Pour moi, une forme de contestation serait de rassembler un maximum de personne autour de l'idée d'autosuffisance (énergétique (via les énergie vertes entre autre), alimentaire et de bien de consommation via l'impression 3D par exemple...), avec une démocratie locale directe, etc. Bref un mode de contestation non violent par nature mais qui n'en sera pas exempt (le système concurrent va forcément réagir et montrer les dent à un moment donné) mais qui pourrait prendre le pas, au final, sur celles et ceux qui veulent avoir prise sur nos vies et notre avenir.
Fatalisme
Bonjour Bertrand,
On ne saurait mieux dire, je pense.
Pour ma part, je crois que le seul moyen véritable de révolte serait la passivité. La désobéissance civile. Celle-ci a été théorisée par Étienne de la Boétie et appliquée avec succès par Gandhi.
Quand je ne sais plus trop quoi penser tant les gens me paraissent illogiques, apathiques et terrorisés par l'idée même de leur ombre, je me demande ce qu'auraient fait des sauvages à leur place (sauvage étant ici une référence à des peuples n'ayant pas encore eu l'habitude de vivre sous la férule de politiciens véreux; et biberonnés aux fausses informations).

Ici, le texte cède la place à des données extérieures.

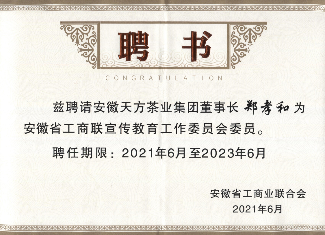 近日,安徽省工商業(yè)聯(lián)合會向天方茶業(yè)董事長鄭孝和頒發(fā)聘書,聘任鄭孝和為省工商聯(lián)宣傳教育工作委員會委員,任期兩年。

Si vous voulez, vous pouvez également imaginer ce que donnerait une République des Chats. On souhaite bon courage aux politiciens et on se marre à l'avance de la tronche qu'ils tireraient après une journée seulement.
C'est cela, la clé. Il faut commencer par évacuer la peur qui paralyse, qui empêche tout raisonnement sain et logique, puis il faut décider pour soi, en tant qu'homme, libre par essence et maître de sa destinée.
Tout le reste n'est qu'illusion et faux-semblants.